My point: You're blaming Haskell for the author's decisions. You're also crediting Python with your own personal familiarity. It is not Python that is natural and obvious, your many hours of hard work with Python have made that language's solution easy for you to perceive. Give yourself some credit, and stop pretending Python is somehow "naturally' clearer.
If you'd like to see examples of good, clean, fast Haskell code then they're easy to provide. I have a funny feeling that's not your goal here, though.
I wish I didn't agree with you. I'm still a Haskell novice, and I've enjoyed the time I've spent learning it, but this post was just terrifying. All I could think was how simple all that would be in R (or any statistical package), or even Ruby (or any popular scripting language).
Of course, one can write overly complicate code in any language. I think the purpose of the post was more to show off conceptually advanced techniques rather than to actually analyze the dataset in a straightforward manner.
I think the purpose of the post was more to show off conceptually advanced techniques rather than to actually analyze the dataset in a straightforward manner.
Correct. I admit it turned out to be a bit too much for one post, but i wanted to use some real world data (the nukes) to demonstrate the techniques.
Edit: I could be wrong, but I don't think R (or any other stats package) supports "group subtraction" of distributions, which is how we calculate the survivable nuclear weapons.
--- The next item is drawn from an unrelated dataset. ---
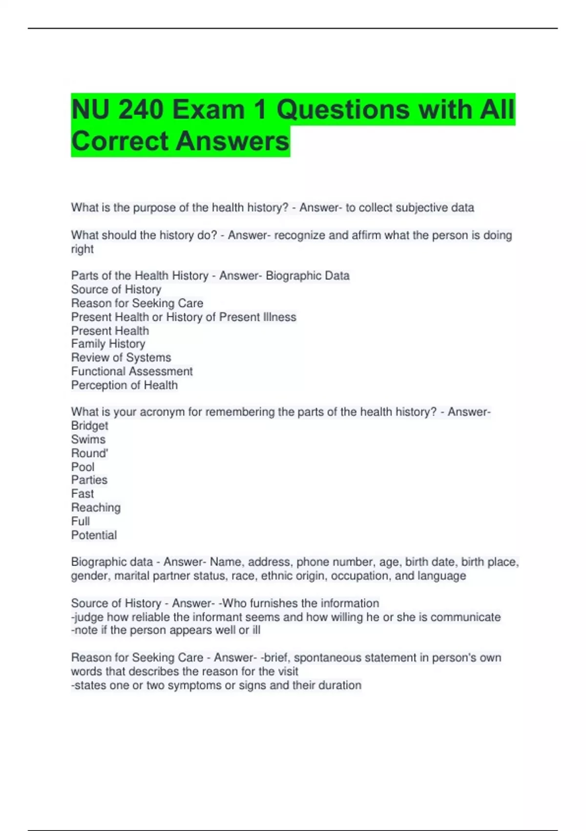 NU 240 Exam 1 Questions with All Correct Answers 2 Exam (elaborations) NU 240 Exam 2 Test Bank Questions with 100% Correct Answers 3 Exam (elaborations) NU 240 Gerontology Exam 1 Questions with All Correct Answers 4 Exam (elaborations) NU240 Exam 3 Questions with All Correct Answers 5 Exam (elaborations) NU240 Ch3 Review Questions with Correct

The "cool stuff" is in the commutative diagrams at the end of the article. They show that there are many different ways to train a distribution from data, some of which will be more suited to different tasks. In most languages, we would have to program each of those paths separately. In Haskell, we get all of those paths "for free."
Haskell has a way of making the hard things easy and the easy things hard. The high level, pretty stuff is great. The ugly stuff is, for example, getting what we want out of `rawdata`.
which is just saying, column 1 is the country, and we only want the rows that are "USA," and from those rows, we only want the fourth column. It would've been simpler if it were just arrays or lists, but that wouldn't be as powerful or as composable as lenses.
A better, more readable way would've been to not use those lambdas, since he's reusing the accessors over and over anyway:
let getKaboomieColumn row = row^._4
let trueIfUSA row = row^._1 == "USA"
let list_usa = fmap getKaboomieColumn $ filter trueIfUSA rawdata
...
When you read it that way, it looks a bit less intimidating.
Well, it's not exactly a simple task. There are a few simple ways to approach it, but isolating the various general structures and creating the maps between them is the bigger task.
I'm curious why you say that the code would be simpler in magma or gap? The post doesn't actually implement any group theory, it just applies it, which is exactly what you'd have to do anywhere.
Of course, it's possible that the internal code of the library would be simpler, but I'm a little skeptical.